Task requirements >>
Your output should be the exact lines from the start of the data through the line containing "5500 игрушечных солдатиков", with no pictures.

--- Provided records Enclosed Below ---

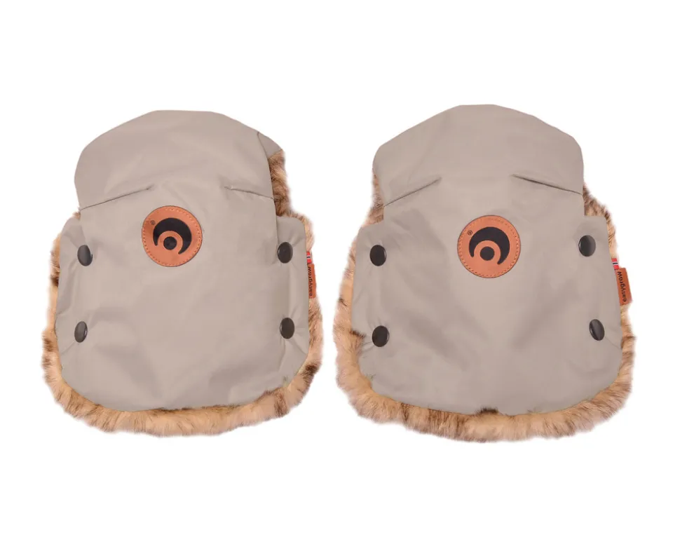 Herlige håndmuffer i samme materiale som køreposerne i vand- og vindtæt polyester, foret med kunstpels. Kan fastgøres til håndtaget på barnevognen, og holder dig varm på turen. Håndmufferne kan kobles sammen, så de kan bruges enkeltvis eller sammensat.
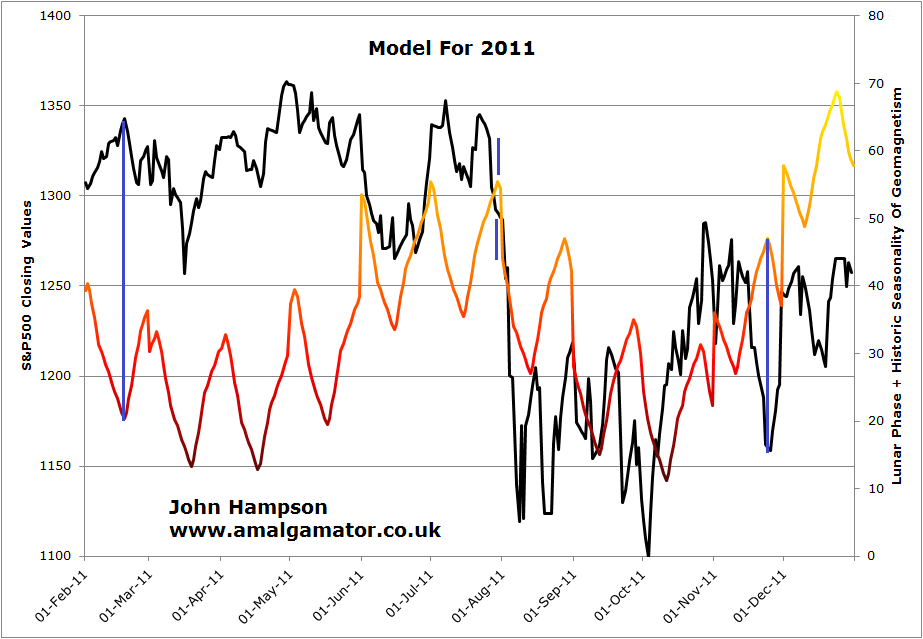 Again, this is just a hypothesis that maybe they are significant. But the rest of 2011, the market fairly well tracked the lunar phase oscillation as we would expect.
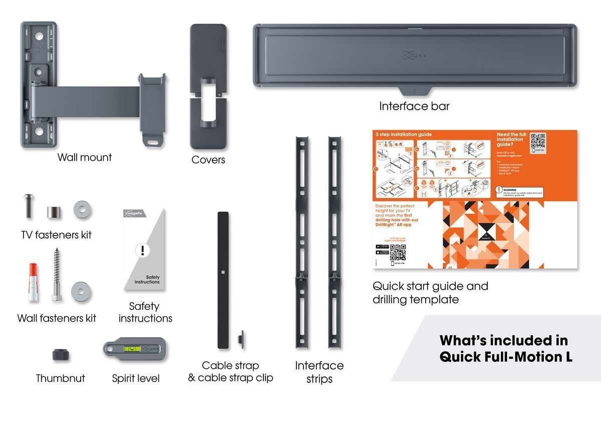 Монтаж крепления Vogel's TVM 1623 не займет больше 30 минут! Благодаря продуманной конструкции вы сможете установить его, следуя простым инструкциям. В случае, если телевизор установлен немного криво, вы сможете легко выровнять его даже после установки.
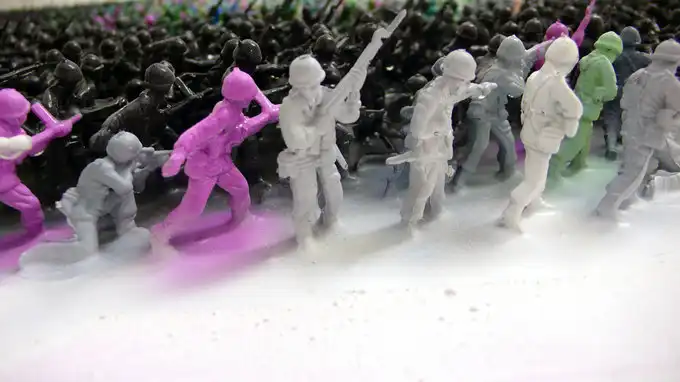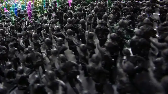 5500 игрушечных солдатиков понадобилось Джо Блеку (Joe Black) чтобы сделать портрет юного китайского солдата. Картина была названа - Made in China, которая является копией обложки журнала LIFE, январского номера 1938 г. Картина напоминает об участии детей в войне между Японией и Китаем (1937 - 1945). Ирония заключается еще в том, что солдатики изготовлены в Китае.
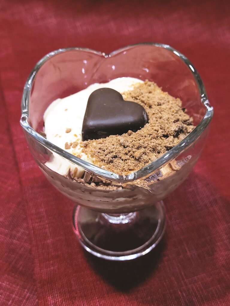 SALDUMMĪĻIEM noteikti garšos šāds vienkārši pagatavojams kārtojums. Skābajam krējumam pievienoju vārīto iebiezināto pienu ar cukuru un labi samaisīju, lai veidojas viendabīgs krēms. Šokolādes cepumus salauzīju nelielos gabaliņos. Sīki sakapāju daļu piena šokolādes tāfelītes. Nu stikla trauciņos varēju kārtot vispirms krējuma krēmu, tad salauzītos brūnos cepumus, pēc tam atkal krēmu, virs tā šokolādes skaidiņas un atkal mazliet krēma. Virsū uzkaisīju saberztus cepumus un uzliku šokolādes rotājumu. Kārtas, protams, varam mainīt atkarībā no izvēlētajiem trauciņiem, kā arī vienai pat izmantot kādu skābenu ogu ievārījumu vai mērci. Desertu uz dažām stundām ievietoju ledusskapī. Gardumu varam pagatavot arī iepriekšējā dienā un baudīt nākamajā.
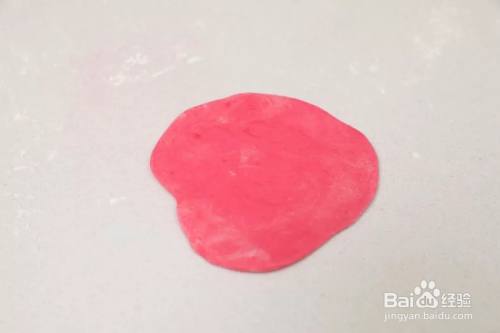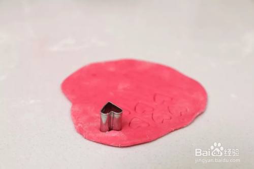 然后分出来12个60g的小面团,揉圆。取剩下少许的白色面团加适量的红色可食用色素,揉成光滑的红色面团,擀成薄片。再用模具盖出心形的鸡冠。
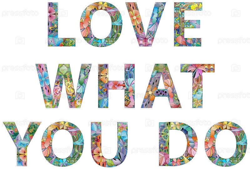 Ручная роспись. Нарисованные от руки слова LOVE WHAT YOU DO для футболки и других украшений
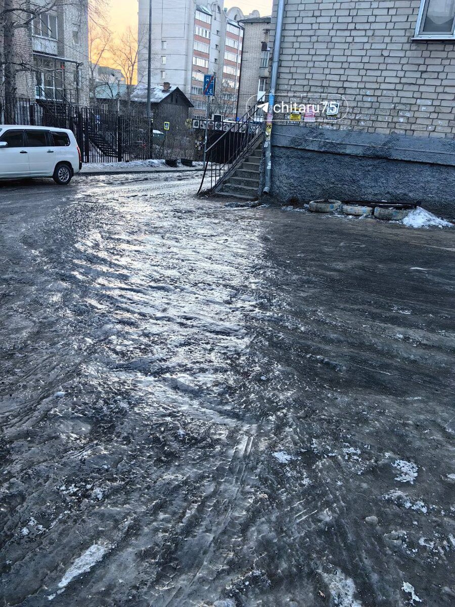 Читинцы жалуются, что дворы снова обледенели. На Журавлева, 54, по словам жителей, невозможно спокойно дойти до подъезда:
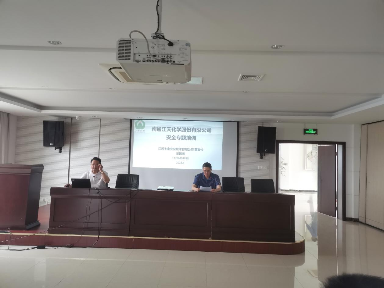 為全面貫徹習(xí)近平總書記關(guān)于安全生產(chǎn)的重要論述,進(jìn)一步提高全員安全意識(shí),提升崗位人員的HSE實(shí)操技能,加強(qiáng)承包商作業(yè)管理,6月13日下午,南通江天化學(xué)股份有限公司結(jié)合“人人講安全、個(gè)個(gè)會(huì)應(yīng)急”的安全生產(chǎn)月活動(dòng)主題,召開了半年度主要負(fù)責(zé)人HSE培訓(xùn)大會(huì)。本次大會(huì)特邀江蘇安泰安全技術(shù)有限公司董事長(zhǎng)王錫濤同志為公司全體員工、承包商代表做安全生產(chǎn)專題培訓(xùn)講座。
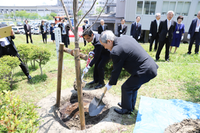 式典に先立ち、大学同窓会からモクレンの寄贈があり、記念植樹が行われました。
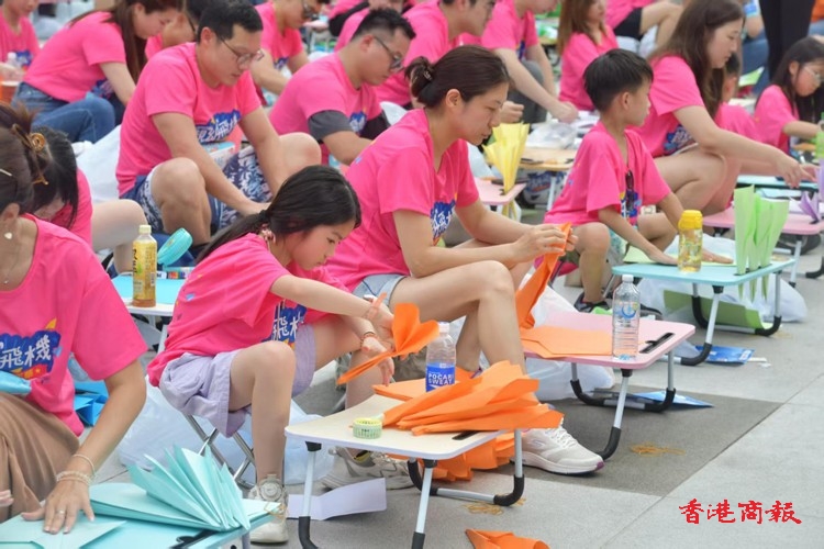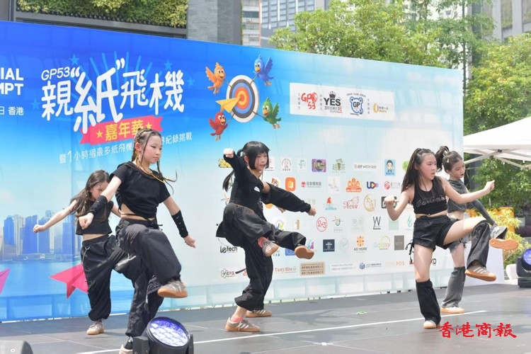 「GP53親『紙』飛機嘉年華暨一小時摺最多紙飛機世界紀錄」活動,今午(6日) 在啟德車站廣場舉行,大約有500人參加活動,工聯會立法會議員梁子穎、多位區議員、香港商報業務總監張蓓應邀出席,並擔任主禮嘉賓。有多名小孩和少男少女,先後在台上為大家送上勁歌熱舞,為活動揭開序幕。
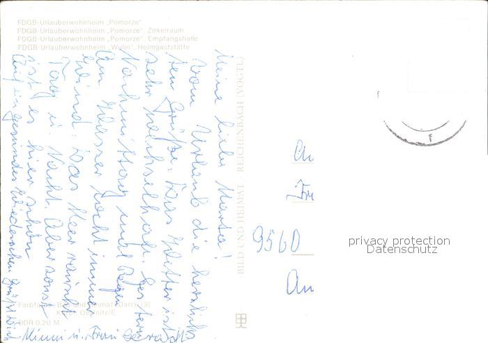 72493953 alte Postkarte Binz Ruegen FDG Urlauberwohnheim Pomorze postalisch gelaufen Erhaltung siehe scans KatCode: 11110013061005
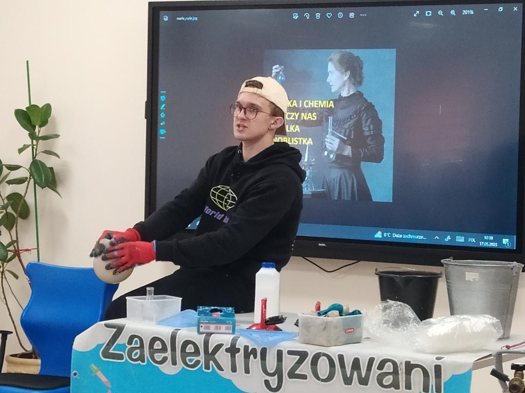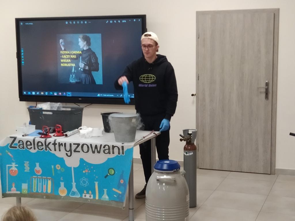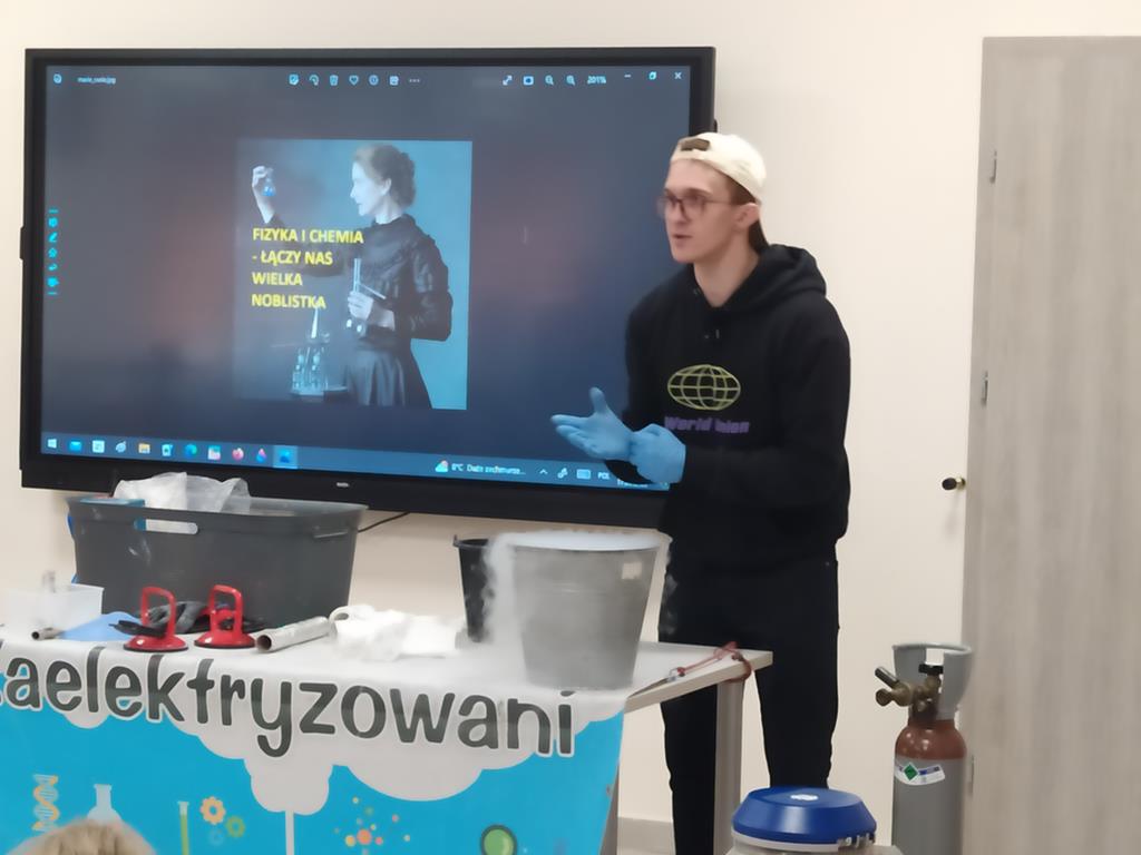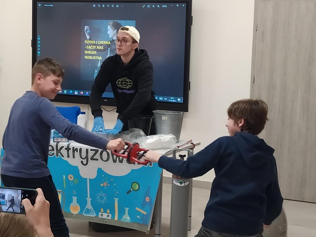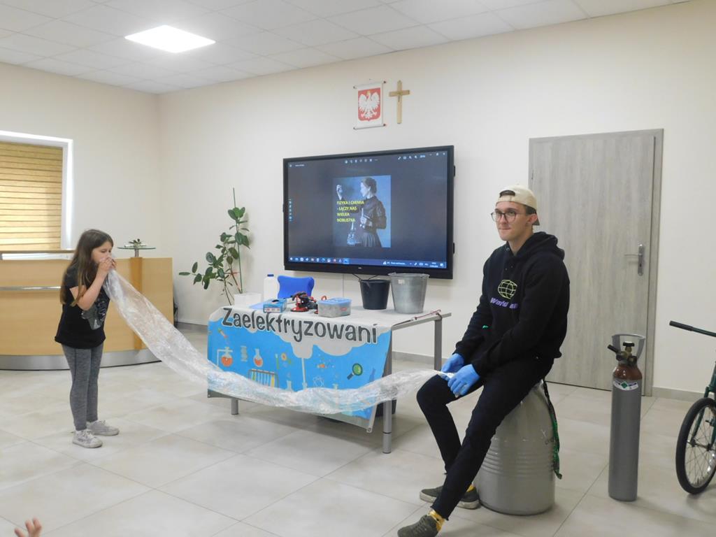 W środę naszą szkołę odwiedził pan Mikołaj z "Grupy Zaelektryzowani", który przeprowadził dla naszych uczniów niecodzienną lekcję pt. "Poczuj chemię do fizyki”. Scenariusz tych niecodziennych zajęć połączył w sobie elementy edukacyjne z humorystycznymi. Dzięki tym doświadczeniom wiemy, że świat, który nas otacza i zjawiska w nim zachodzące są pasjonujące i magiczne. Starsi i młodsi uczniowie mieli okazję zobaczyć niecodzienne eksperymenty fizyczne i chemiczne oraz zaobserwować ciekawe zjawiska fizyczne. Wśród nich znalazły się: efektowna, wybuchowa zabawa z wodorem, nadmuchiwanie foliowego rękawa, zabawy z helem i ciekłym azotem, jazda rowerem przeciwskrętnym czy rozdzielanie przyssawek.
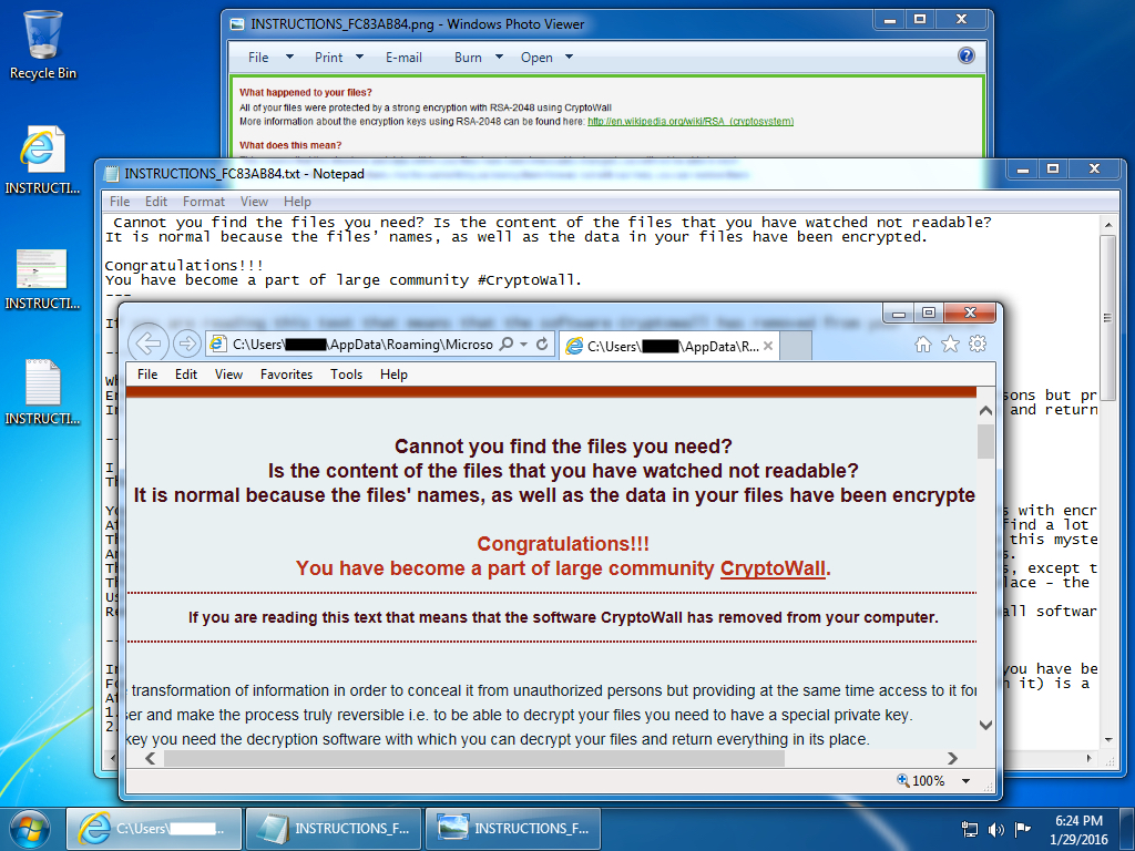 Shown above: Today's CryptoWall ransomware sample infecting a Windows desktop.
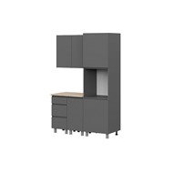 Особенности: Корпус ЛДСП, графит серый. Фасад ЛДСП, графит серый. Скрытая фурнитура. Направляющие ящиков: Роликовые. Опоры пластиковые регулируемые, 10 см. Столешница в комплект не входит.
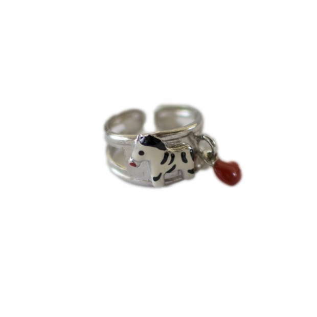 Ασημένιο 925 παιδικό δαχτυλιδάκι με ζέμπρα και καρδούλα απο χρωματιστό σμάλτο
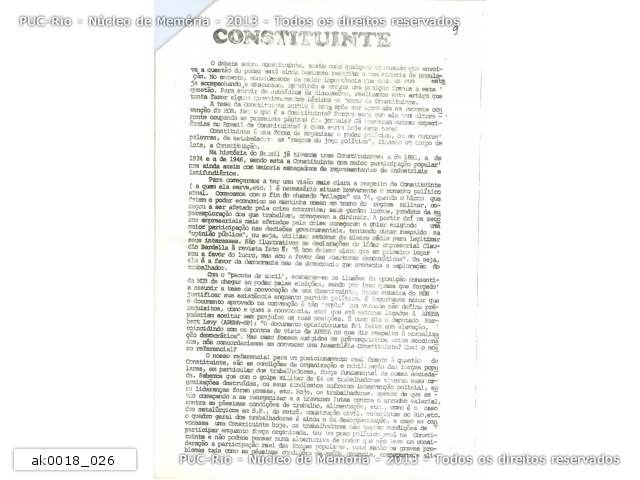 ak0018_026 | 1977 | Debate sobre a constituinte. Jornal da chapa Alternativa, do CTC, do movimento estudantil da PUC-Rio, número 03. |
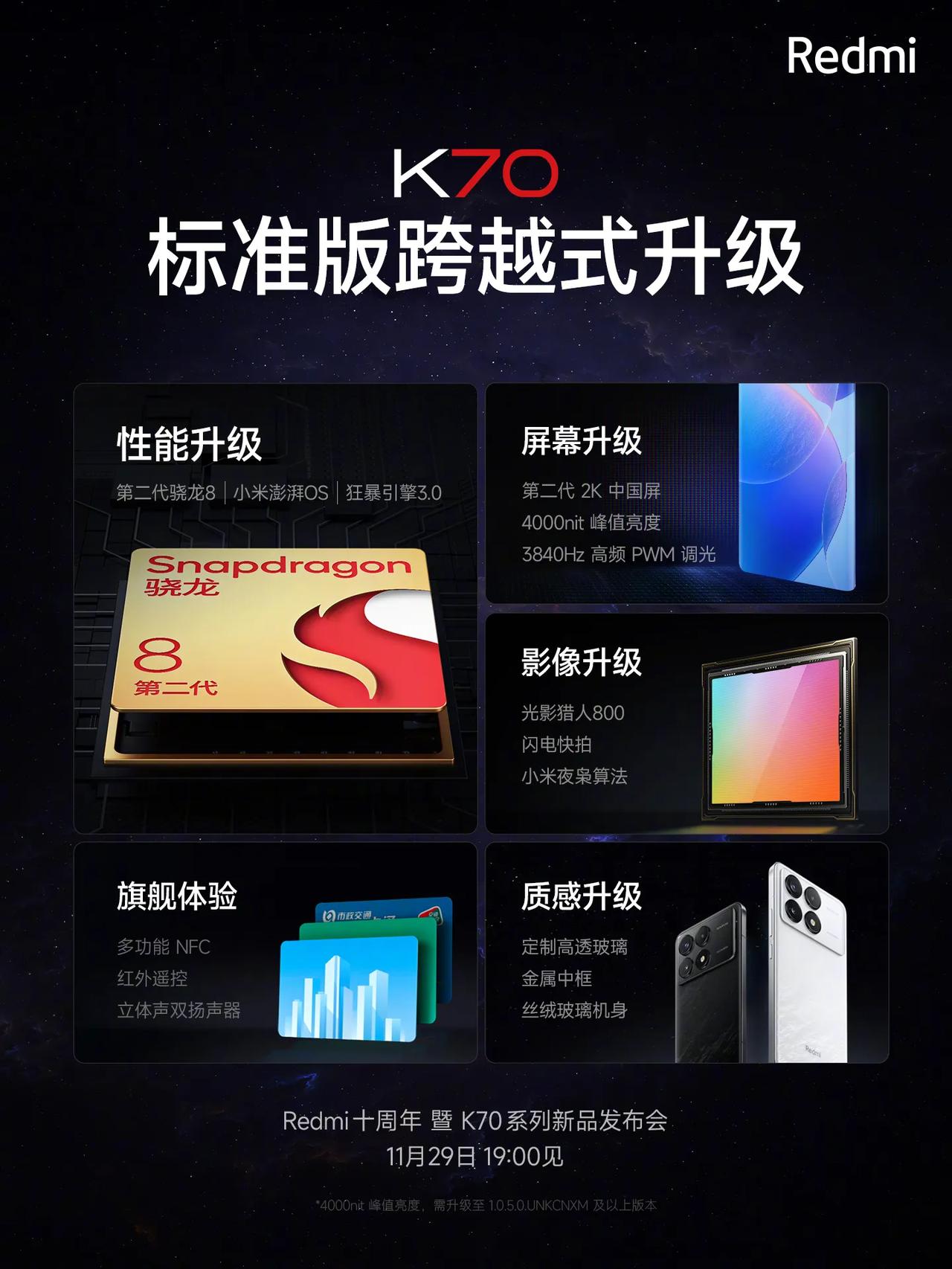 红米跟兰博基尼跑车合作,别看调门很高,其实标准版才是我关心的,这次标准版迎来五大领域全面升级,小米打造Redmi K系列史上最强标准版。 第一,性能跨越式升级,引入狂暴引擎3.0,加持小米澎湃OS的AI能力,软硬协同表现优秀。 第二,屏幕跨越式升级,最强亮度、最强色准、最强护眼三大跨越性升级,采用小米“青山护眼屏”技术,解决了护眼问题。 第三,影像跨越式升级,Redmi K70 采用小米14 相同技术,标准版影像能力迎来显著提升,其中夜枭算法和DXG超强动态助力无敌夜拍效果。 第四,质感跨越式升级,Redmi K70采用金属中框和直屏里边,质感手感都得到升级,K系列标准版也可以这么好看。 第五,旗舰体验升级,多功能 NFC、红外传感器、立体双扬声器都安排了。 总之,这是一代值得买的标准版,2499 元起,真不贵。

--- End of Enclosed Provided records ---

Your response >>
 Herlige håndmuffer i samme materiale som køreposerne i vand- og vindtæt polyester, foret med kunstpels. Kan fastgøres til håndtaget på barnevognen, og holder dig varm på turen. Håndmufferne kan kobles sammen, så de kan bruges enkeltvis eller sammensat.
 Again, this is just a hypothesis that maybe they are significant. But the rest of 2011, the market fairly well tracked the lunar phase oscillation as we would expect.
 Монтаж крепления Vogel's TVM 1623 не займет больше 30 минут! Благодаря продуманной конструкции вы сможете установить его, следуя простым инструкциям. В случае, если телевизор установлен немного криво, вы сможете легко выровнять его даже после установки.
 5500 игрушечных солдатиков понадобилось Джо Блеку (Joe Black) чтобы сделать портрет юного китайского солдата. Картина была названа - Made in China, которая является копией обложки журнала LIFE, январского номера 1938 г. Картина напоминает об участии детей в войне между Японией и Китаем (1937 - 1945). Ирония заключается еще в том, что солдатики изготовлены в Китае.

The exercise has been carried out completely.